I lay there on my bed and stared at the ceiling, and tried not to let the weight of what had crossed my mind weigh on me too much. There were a lot of men out there. A lot of men who might be more open to a different kind of lifestyle, a different kind of family. Now, I just had to focus my attention and energy on finding one who could handle everything that was going to come with dating me.

No matter how difficult it might have gotten.

Chapter four

Fingers up your skirt

"I’msurprisedInevercame across you before," Announced Martin, the man sitting opposite me at this cramped table in this restaurant that looked as though it had recently been converted from a bomb shelter. I looked down at the glass of wine I had been sipping on, and sighed. I felt like I’d had this conversation a million times over already, and frankly, I was starting to get pretty sick of it.

Martin was the fifth man I had been on a date with this month, and I was starting to learn their scripts by heart. He was about my age, like the rest of them, and seemed to enjoy thinking of himself as the eternal bachelor type – or at least, he would have, if he could actually find women who were willing to date him.

And yet, here I was, sitting opposite him and listening to him talk and wondering how I had ended up on the same fucking date for what felt like the millionth time already.
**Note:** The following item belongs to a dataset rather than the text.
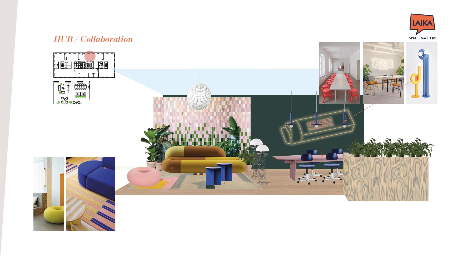 Da EY er en international virksomhed, har de selv nogle tydelige og velproducerede brand – og indretningsmanualer, der skal anvendes på tværs af landegrænser, og som LAIKA således også skal følge. Blandt andet er der faste krav til hvilke zoner kontoret skal have, fx stillezoner, mødelokaler, hub, client facing area mm.

How could I be already getting tired of this? I was meant to be new to this scene, and yet it was starting to feel like I had been doing this for years.

On paper, Martin had looked pretty nice – handsome enough, bald and with a large beard, and he came from a rich family and seemed keen for me to know it. He had a good job – worked for the council – and he was smart enough to think that he could get away with being condescending to me. I should have taken that as the first warning sign that there was something off with him, but I had breezed forward anyway, convincing myself that I was just overthinking things and that I would have been better off just going along with it and not causing too much of a fuss. I had to meet people, didn’t I, if I was going to date again, even if it meant people I wasn’t totally certain about.

He had suggested a new Indian place for dinner, and I tried not to think about kissing someone with curry breath at the end of the night and got myself all dolled up and headed out to meet him. He looked a good ten years older than he had in the pictures on his profile, and he was even more condescending in person – he explained to me the meaning of the translations behind some of the dishes, and I just sat there and smiled along, knowing that rolling my eyes at him was just going to cause a bigger argument.

"Well, I only just started dating again," I offered him, hoping that everything I had seen of him so far was just bluster and that he actually had a good heart under all of that. It was something that came from years of teaching teenagers. A lot of them put on these big fronts only to cover up something deep and lonely underneath it all. But maybe I was being a little too kind, since this guy was hardly a teenager and he hardly had any excuse for the nonsense that he seemed insistent on pulling out here.

"I’m glad I found you so soon," he murmured, his voice dropping to what I supposed he believed was a sexy, sensual whisper. I had to press my lips together to keep from laughing out loud.